TRY IT:
Transcribe every line of the material below without change, apart from dropping the pictures.

RAW DATA:
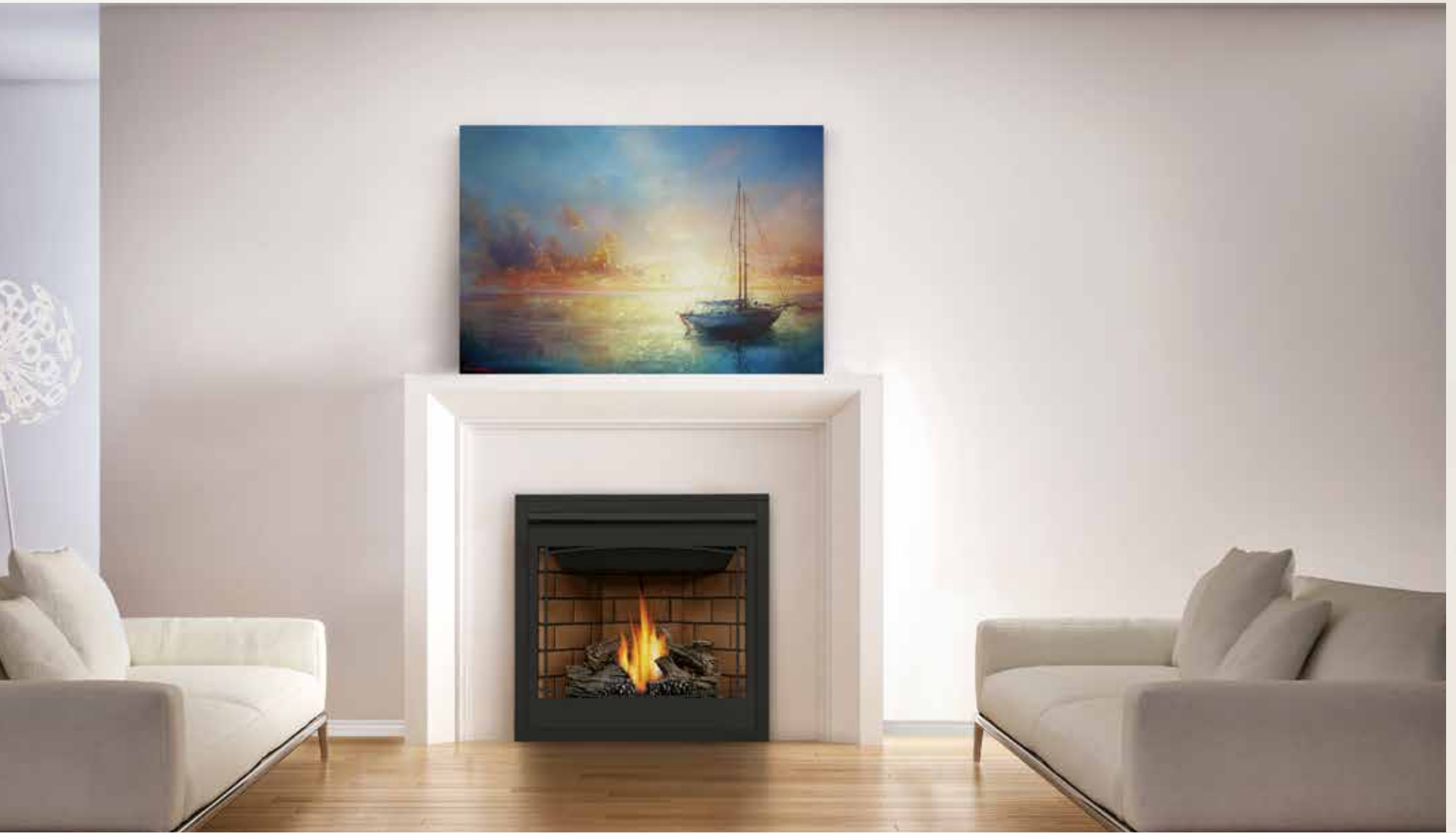
The Ascent ™ 35 shown with Sandard Safety Barrier and Sandstone Decorative Brick Panels.
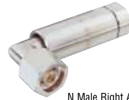
N Male Right Angle F4PNR-H
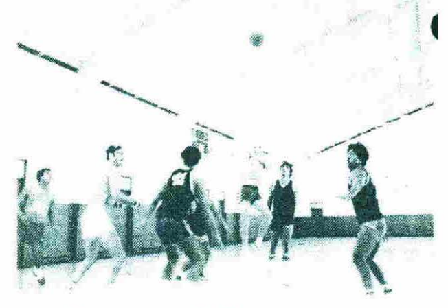
Here it goes fellas...
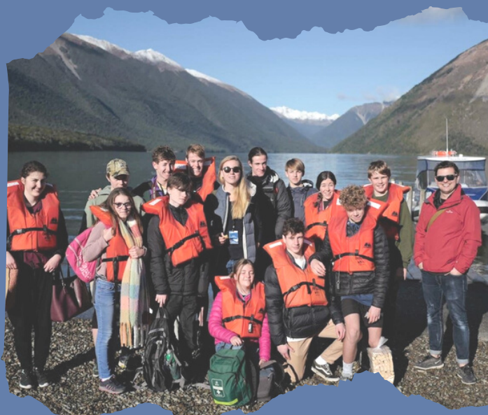
Diocesan Leadership Conference at Lake Rotoiti . Youth Activity

TASK OUTPUT:
The Ascent ™ 35 shown with Sandard Safety Barrier and Sandstone Decorative Brick Panels.
N Male Right Angle F4PNR-H
Here it goes fellas...
Diocesan Leadership Conference at Lake Rotoiti . Youth Activity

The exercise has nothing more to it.